Reputation: 281
I am new to Spark programming and have a scenario to assign a value when a set of values appear in my input. Below is a tradition SQL code I would use to accomplish my task. Need to do the same in Spark.
Sql Code:
SELECT CASE WHEN c.Number IN ( '1121231', '31242323' ) THEN 1
ELSE 2 END AS Test
FROM Input c
I am aware of using when
in spark with just one condition.
Input.select(when(Input.Number==1121231,1).otherwise(2).alias("Test")).show()
Upvotes: 2
Views: 16946
Reputation: 3911
I'm assuming you're working with Spark DataFrames, not RDDs. One thing to note is that you can run SQL queries directly on a DataFrame:
# register the DataFrame so we can refer to it in queries
sqlContext.registerDataFrameAsTable(df, "df")

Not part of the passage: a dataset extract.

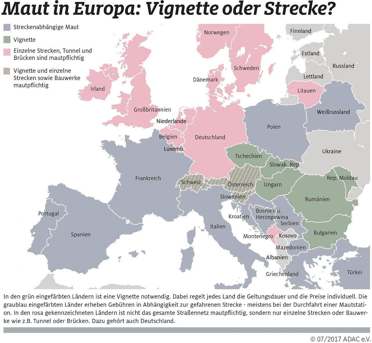 Zudem verlangen einige Länder zusätzlich eine Sondermaut für Brücken, Tunnel und Pässe etwa Österreich, Schweiz, Italien, Frankreich, Dänemark und Schweden. In acht weiteren Ländern benötigen Autofahrer sowohl für Fahrten auf Autobahnen als auch auf Schnellstraßen eine Vignette: in Bulgarien, Österreich, Rumänien, der Schweiz, der Slowakei, Slowenien, Tschechien und Ungarn. Die Vignetten gelten unterschiedlich lange.

# put your SQL query in a string
query = """SELECT CASE WHEN
df.number IN ('1121231', '31242323') THEN 1 ELSE 2 END AS test
FROM df"""
result = sqlContext.sql(query)
result.show()
You can also use select
by creating a user-defined function that mimics your query's case statement:
from pyspark.sql.types import *
from pyspark.sql.functions import udf
# need to pass inner function through udf() so it can operate on Columns
# also need to specify return type
column_in_list = udf(
lambda column: 1 if column in ['1121231', '31242323'] else 2,
IntegerType()
)
# call function on column, name resulting column "transformed"
result = df.select(column_in_list(df.number).alias("transformed"))
result.show()
Upvotes: 6